I have no idea what spooked him. The wind was from him to me and I was 25 feet above him. He stood for maybe 15 minutes, the began to circle slowly....all the time remaining in the brush and 60-65 yards away. He would circle 15-20 yards and then stand for 10 minutes before moving again. I actually considered trying a shot even though it was beyond my "sure kill" distance and he was in and out of the brush, but I just "knew" that at any minute he would calm down and move on in.

The light was falling fast and I thought I had maybe 10 minutes before I would be unable to see my sights on the bow. By this time he had circled about half-way around me. Then he stopped again and raised his head. I could actually see his nostrils flare. Then I swear he looked up directly at me 25 feet up in my tree and turned back the way he'd come from. He never ran, but moved quickly back toward his thicket and out of sight. That was the last time I saw him or his tracks that year, He pulled his old disappearing act and went where ever it was he went when disturbed.

The following year I never saw him at all. The tracks were there, the scrape was worked and the cedar was hammered, but I never saw him at all before the season. Then, on opening morning, I blew my chances again. I was on stand 2 hours before first light and sat until I could just see. I caught movement through the trees about 50 yards out. At first I thought it was a bird or squirrel, but got ready anyway....just in case. Another movement about 10 yards from where I'd seen the first confirmed something was moving. I had a single "lane" I could see through to where the "something" was moving towards. A gap between the trees maybe 12" wide was the only possibility for a shot if it was "my" buck.

In that bottom I sometimes saw does, but only rarely was a buck seen. I guess the big boy kept them away. I put my scope on the small opening just in time. It happened so fast I didn't have time to even think. As the scope settled I saw something enter the gap between the trees. I remember thinking, "DEER, HORNS, SHOOT" and it was all over.

Then I began to second guess myself. I thought, "Did you really see a deer"? Yes...it was definitely a deer. Then, "But did you really see horns"? Yes....AND THEY WERE BIG!

I immediately had to go see. As I approached the place where the deer had been I saw him laying about 10 feet past the trees I'd shot between....and was sick. He was a really nice buck. 8 points with a 17" inside spread....about a 140 class buck. Really good for our area, but definitely NOT "my" buck. A quick check of his hoof told the tale, I'd just shot the "wrong" buck. Like in years before my buck pulled his disappearing act and went somewhere else for the season.
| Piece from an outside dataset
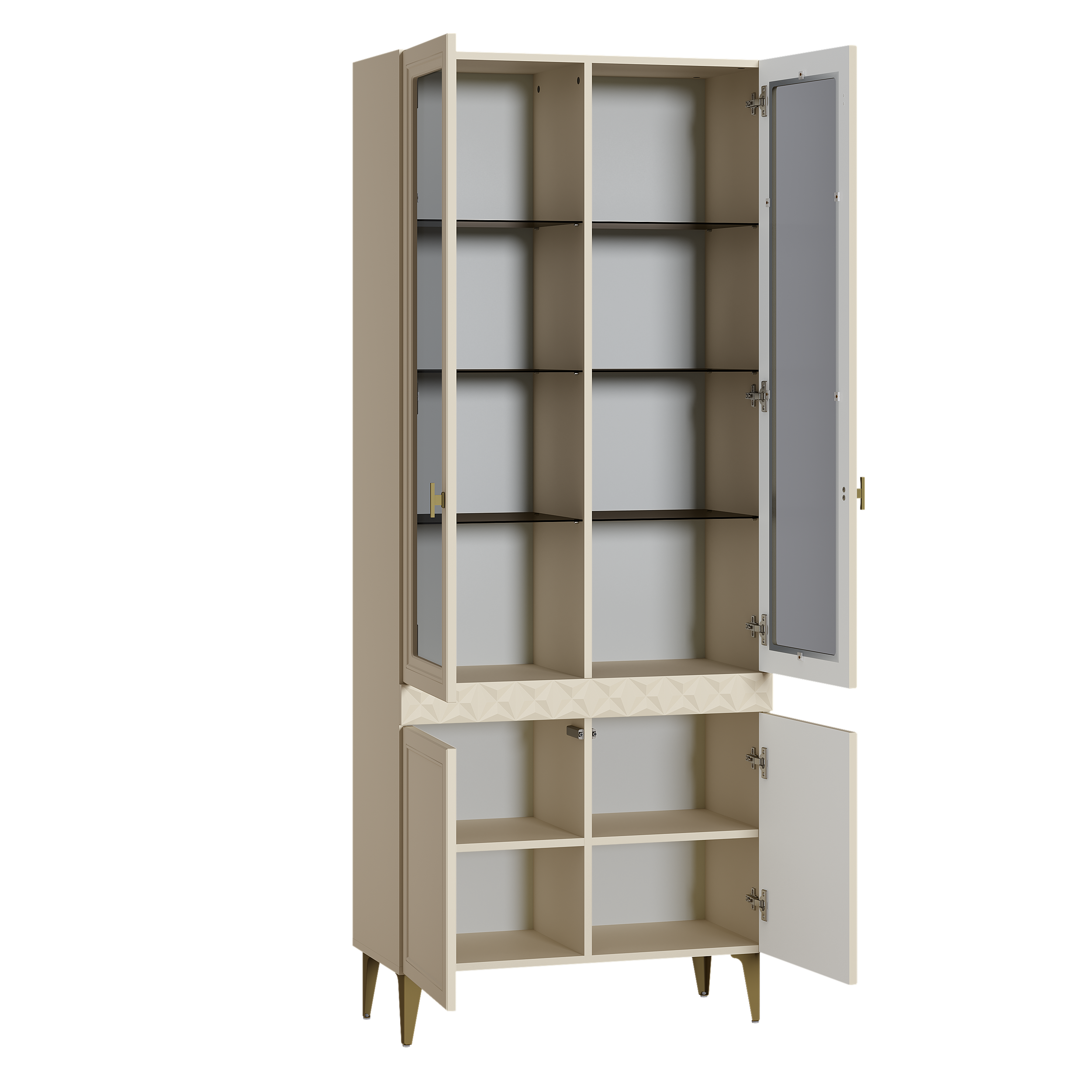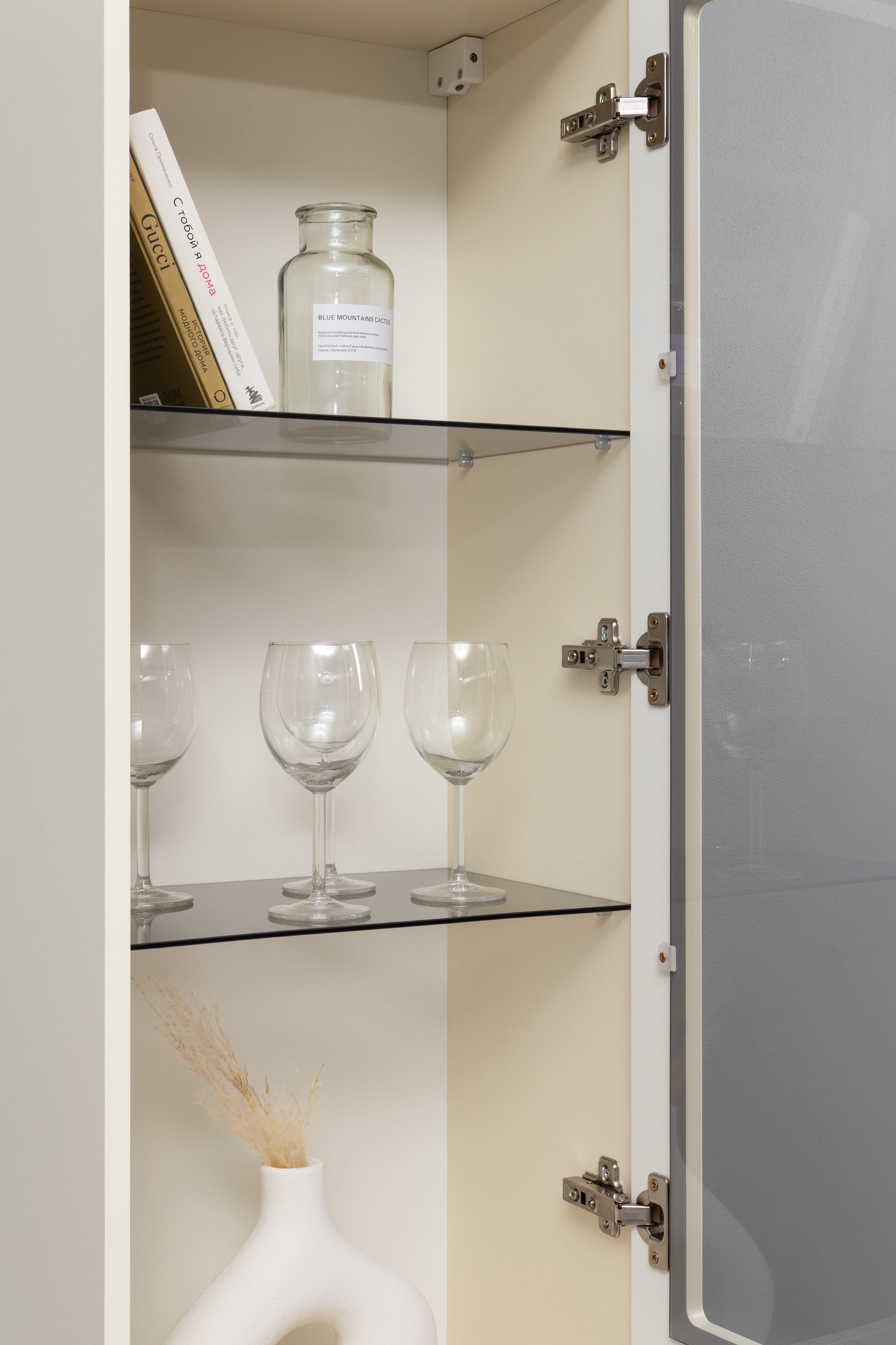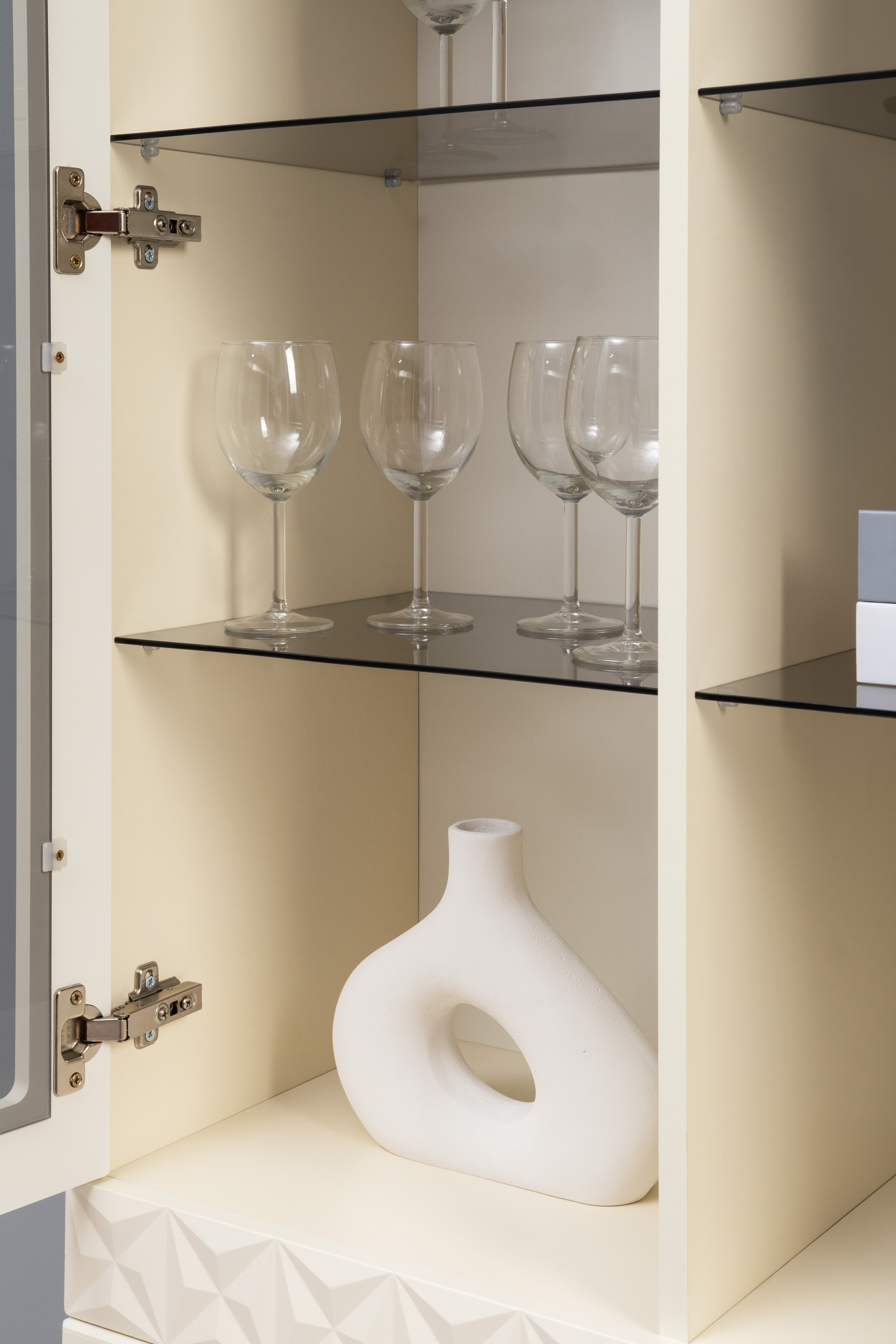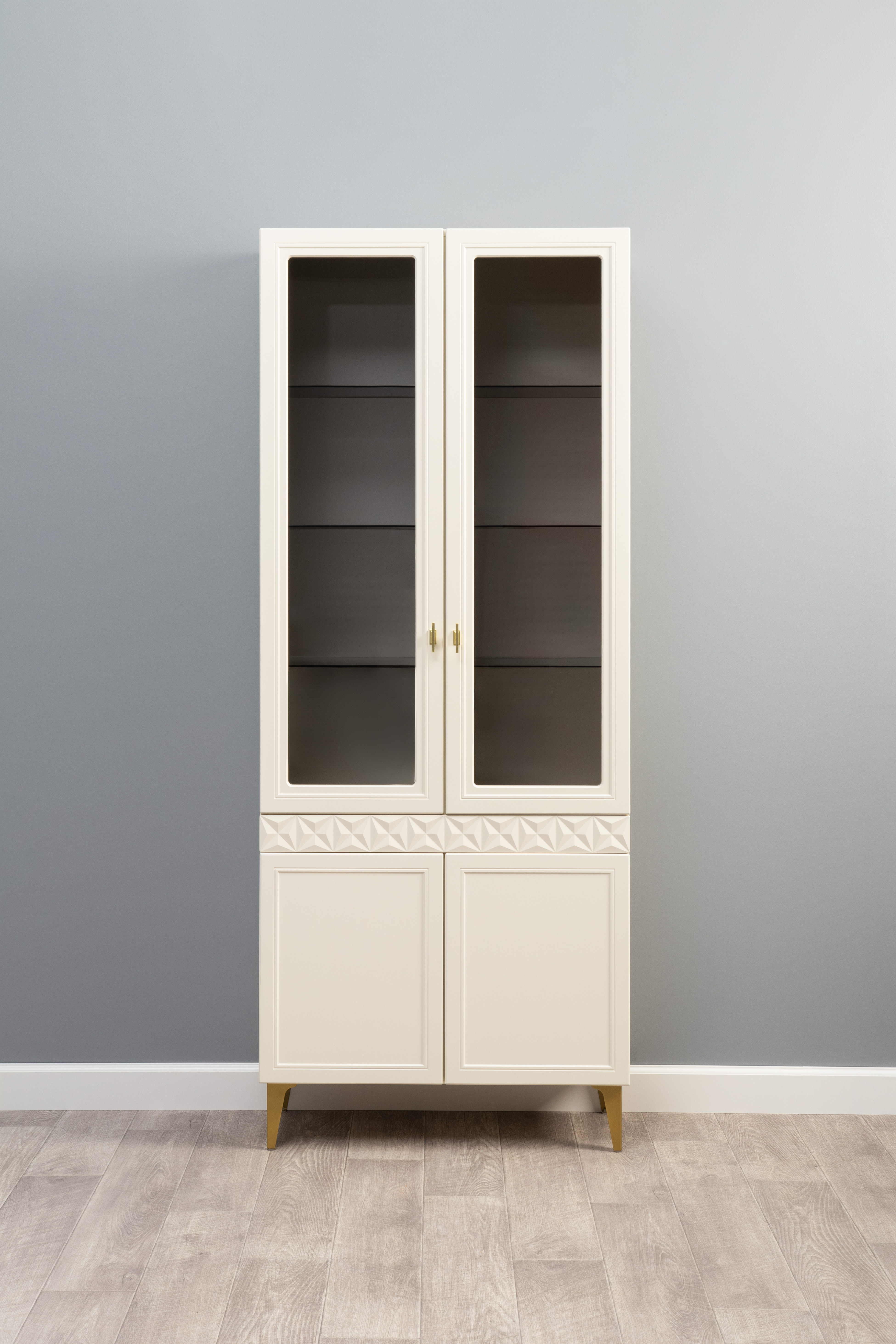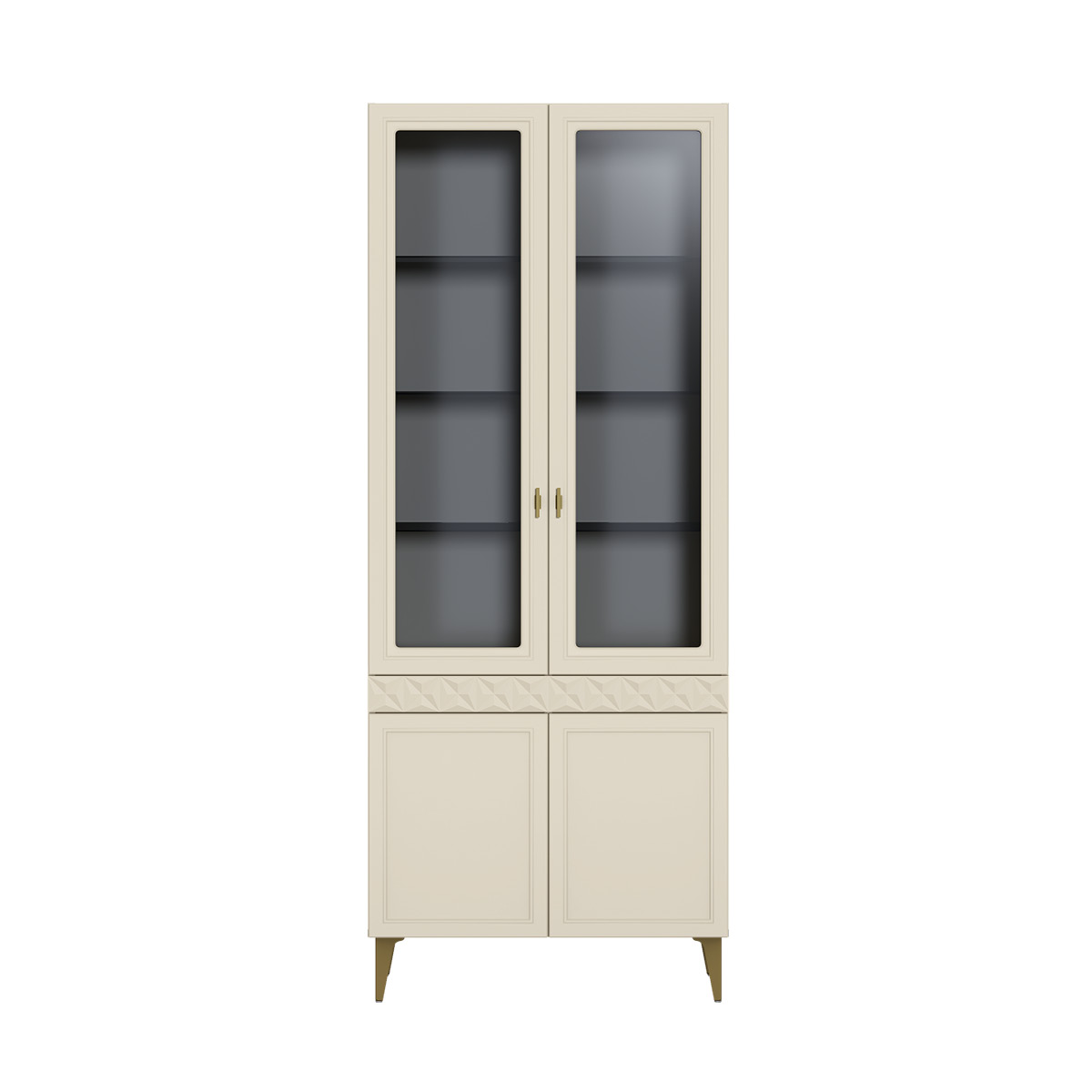 Шкаф-витрина Марион 16.397.01 слоновая кость С341 PE, слоновая кость 6898 ПВХ (собирается на любую сторону)

I will admit I had one chance to take the buck and passed it by. It was the hardest thing I ever did to not take the shot. Before the season, the 5th year I'd been after this buck and guessed him to be 6 1/2, I had him dead to rights. Un fortunately it was a month and a half before the gun season opened and 2 weeks before bow season began. I never knew where he went to feed after he left the creek bottom each night. The tracks were always lost in an overgrown clearcut he entered when leaving each evening.

I was squirrel hunting on another creek drainage about a mile away from "his" bottom one morning. Well before daylight I slipped up toward a HUGE white oak tree that the squirrels and other animals loved to feed in and under. The wind was in my face, although I didn't notice at the time (after all who worries about wind direction when hunting squirrels). I was slipping along an old logging road and there was a heavy dew wetting the ground, so I was totally silent as I approached. I sat on a convenient stump about 30 yards from the tree and waited for daylight.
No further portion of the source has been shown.